The Commerce Department said personal spending fell 0.1 percent, compared with a revised gain of 1.0 percent in December, while personal income rose 0.3 percent, compared with a revised 0.3 percent gain in December. Economists, on average, expected income to rise 0.4 percent and spending to rise 0.1 percent, according to Briefing.com.
"The reason spending dropped in January was a big fall in auto sales," Putnam Investments economist David Kelly said. "I don't think this tells us much that's new -- it's consistent with an economy still growing in second or third gear."
The report had little impact on U.S. stock prices, which rose early and turned mixed in mid-day trading. Treasury bond prices fell.
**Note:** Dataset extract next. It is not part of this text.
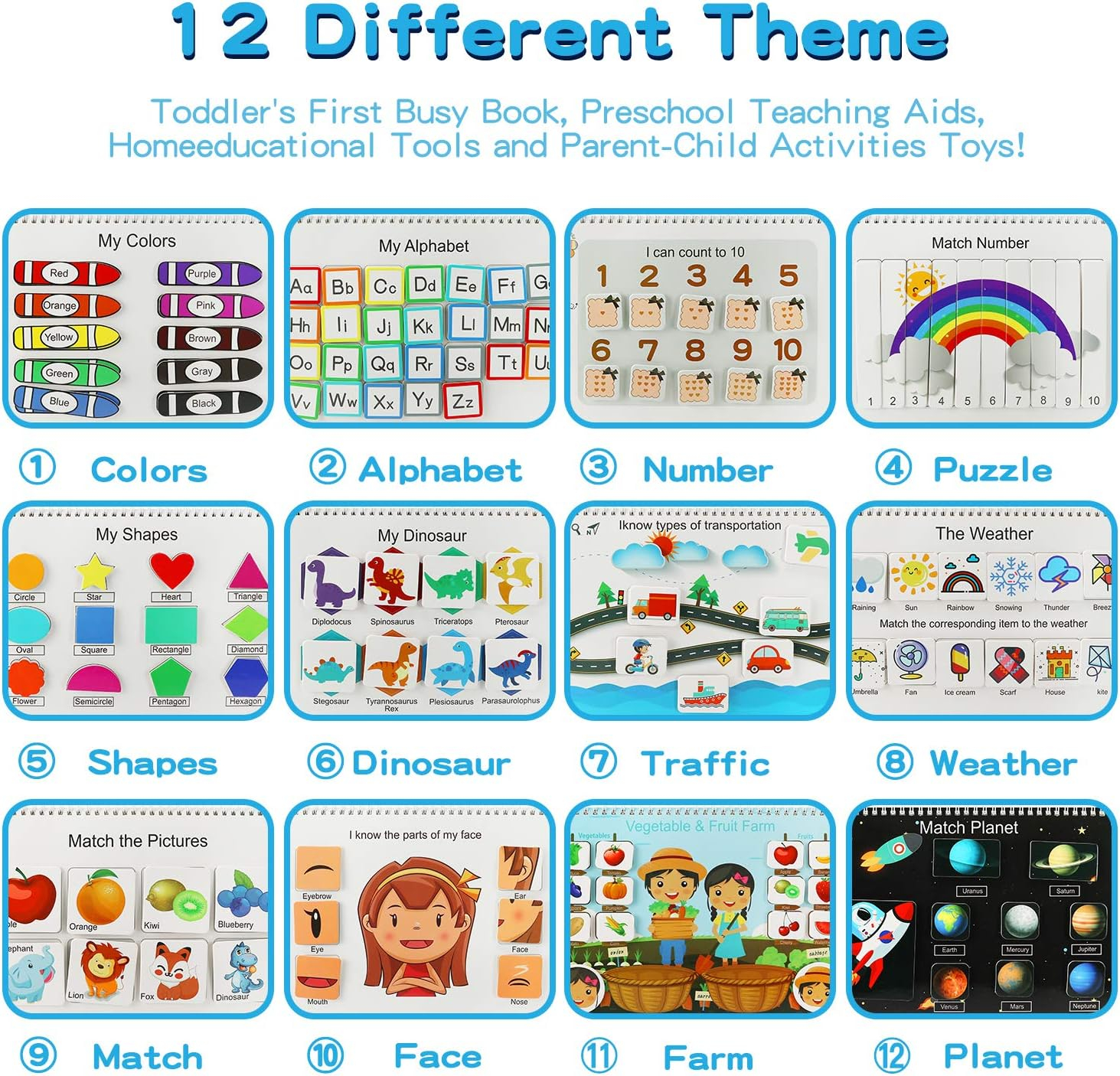 - KIDS FAVORITE DESIGN:We Designed 12 Themes for Toddler Learning Activities Ages 2-4, Including Colors, Letters, Numbers, Rainbow, Shapes, Dinosaur, Vehicle, Weather, Match The Pictures, Cognition of Facial, Vegetables, Fruits, and Planets Etc.

Economists pay close attention to consumers, whose spending makes up more than two-thirds of total U.S. gross domestic product (GDP).
Consumers have shown amazing resilience despite a recession in 2001, nearly 2 million job cuts, terrorist attacks, a three-year bear market in stocks and other woes.
But consumer confidence has plunged in recent months to the lowest levels since the fall of 1993. The consumer confidence index of the Conference Board, a New York-based research group, has fallen more than 30 percent in the past year, and similar one-year drops of that size in the past 35 years have always resulted in recessions.
Though consumer income increased in Monday's report, the Commerce Department said the gain was boosted by artificial factors. Excluding those factors, income actually rose 0.2 percent.
Private wages and salaries fell 0.02 percent in January, the worst performance since a 0.5-percent decline in July 2002, after rising 0.2 percent in December. Consumers saved 4.3 percent of their disposable income, up from 3.9 percent in December.
"The recent weakness in wage and salary growth is bad news for retailers, since wages and salaries, which account for more than 56 percent of personal income, tend to influence spending decisions far more than other income sources," said Mark Vitner, senior economist at Wachovia Securities.
Consumer spending on durable goods, items such as cars and refrigerators that are meant to last three years or more, fell 5.7 percent, the biggest drop since a 6 percent decline in February 1990.
Much of that drop came as automakers withdrew some of the aggressive incentives, such as zero-percent financing, that had driven robust auto sales in prior months.
"Given the sharp falloff in vehicle sales, the modest decline in overall spending was actually very good news," said Joel Naroff, president and chief economist of Naroff Economic Advisors.